From: Jonny on
On Sun, 28 Mar 2010 22:06:46 +0300, Aatu Koskensilta wrote:

> Jonny <js784(a)st-and.ac.uk> writes:
>
>> But can I assume that there's only one value for g(0)?
>
> Yes, as follows by definition since g is a (total) function. What
> prompts this odd question?

Hi Aatu,

sorry, that question was confused indeed. What I meant was: Can I assume
that f equals g(0) only for 0, without presupposing its being injective?

Thanks a lot
From: Jonny on
On Mon, 29 Mar 2010 17:54:01 +0300, Aatu Koskensilta wrote:

> Jonny <js784(a)st-and.ac.uk> writes:
>
>> What I meant was: Can I assume that f equals g(0) only for 0, without
>> presupposing its being injective?
>
> The injectivity of f follows by an easy induction. I presume you can see
> how to show f is recursive and total, given the assumption that g is a
> recursive enumeration of an infinite set? (A course-of-values function
> does enter into it, but not that of g.)

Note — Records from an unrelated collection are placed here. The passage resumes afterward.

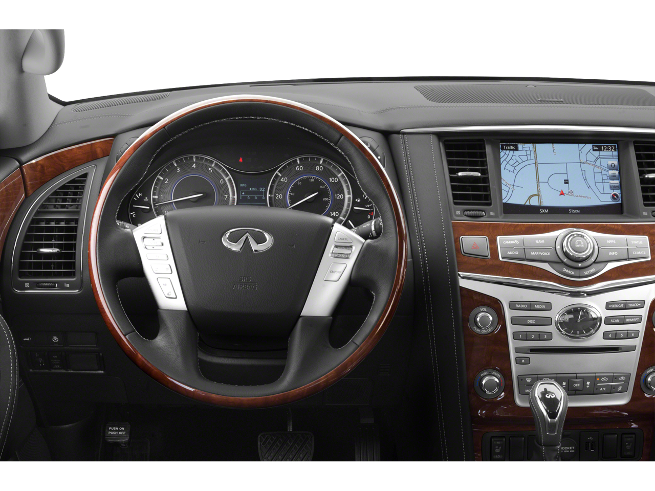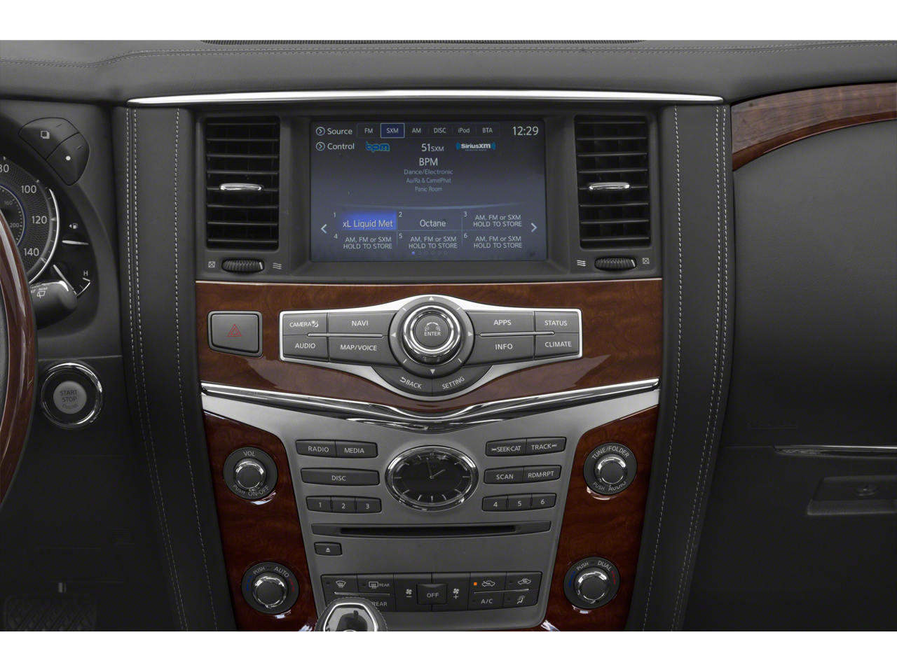 - Radio: AM/FM/HD Single In-Dash CD/DVD Player w/MP3 -inc: 8-inch WVGA color touch-screen display, INFINITI InTouch navigation w/voice recognition, lane guidance and 3D building graphics, INFINITI InTouch services includes 12-months of safety, security, and convenience services, Bose 13-speaker premium sound system including 2 subwoofers, streaming audio via Bluetooth® wireless technology, Radio Data System (RDS), speed-sensitive volume control, SiriusXM satellite radio w/90-day complimentary trial access, SiriusXM Traffic w/4-year complimentary trial access to real-time traffic information, SiriusXM Travel Link w/4 year complimentary trial access to fuel prices, weather, movie times, stocks and sports and 2 USB connection ports for iPod interface and other compatible devices
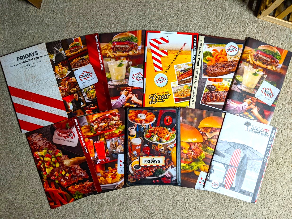 Vintage T.G.I. Friday's menus.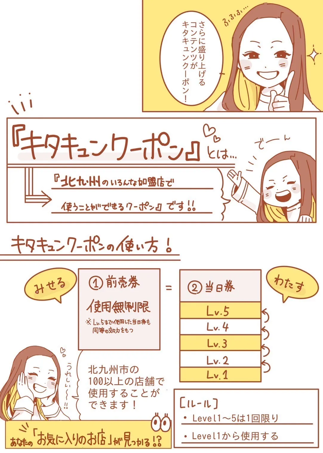 また、北九州市とキタキュンFESを「より多くの人に堪能してもらいたい」という想いから、地域の方々にご協力いただき100店舗でのサービスを受けることができるキタキュンクーポン、会場内でたくさんの体験をできるようにと100円×10枚綴りの(会場内で1,000円分のお買い物ができる)キタキュンPAYを入場特典として準備をしています。
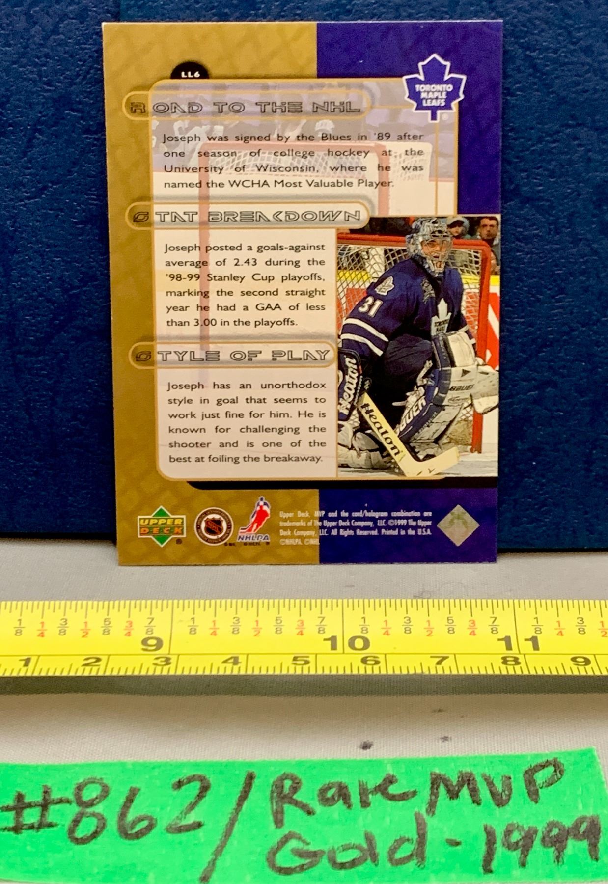 NHL HOCKEY - 1999 Curtis Joseph Last Line MVP Card

Thanks a lot for sorting this out. Sure, for f to be defined by course-of-
values recursion I need f*.
I believe it's an easy induction, but still I'm not sure with the
induction step:

show f(n)=f(m) -> n=m
induction over n
f(0)=f(m), But f(0)=g(0). Hence f(m)=g(0). But by the second recursion
equation, for no m=/=0 does f(m) equal g(0), hence m=0=n.
f(n+1)=f(m+1), hence f takes the same value for the smallest argument y
such that g(y) doesn't equal f(x) for any x<=n and for the smallest y'
such that g(y') doesn't equal f(x) for any x<=m. but how do I go on from
here? the induction assumption (f(n)=f(m)->n=m) doesn't seem to help

Sorry if I'm slow, I'm not trained in proving.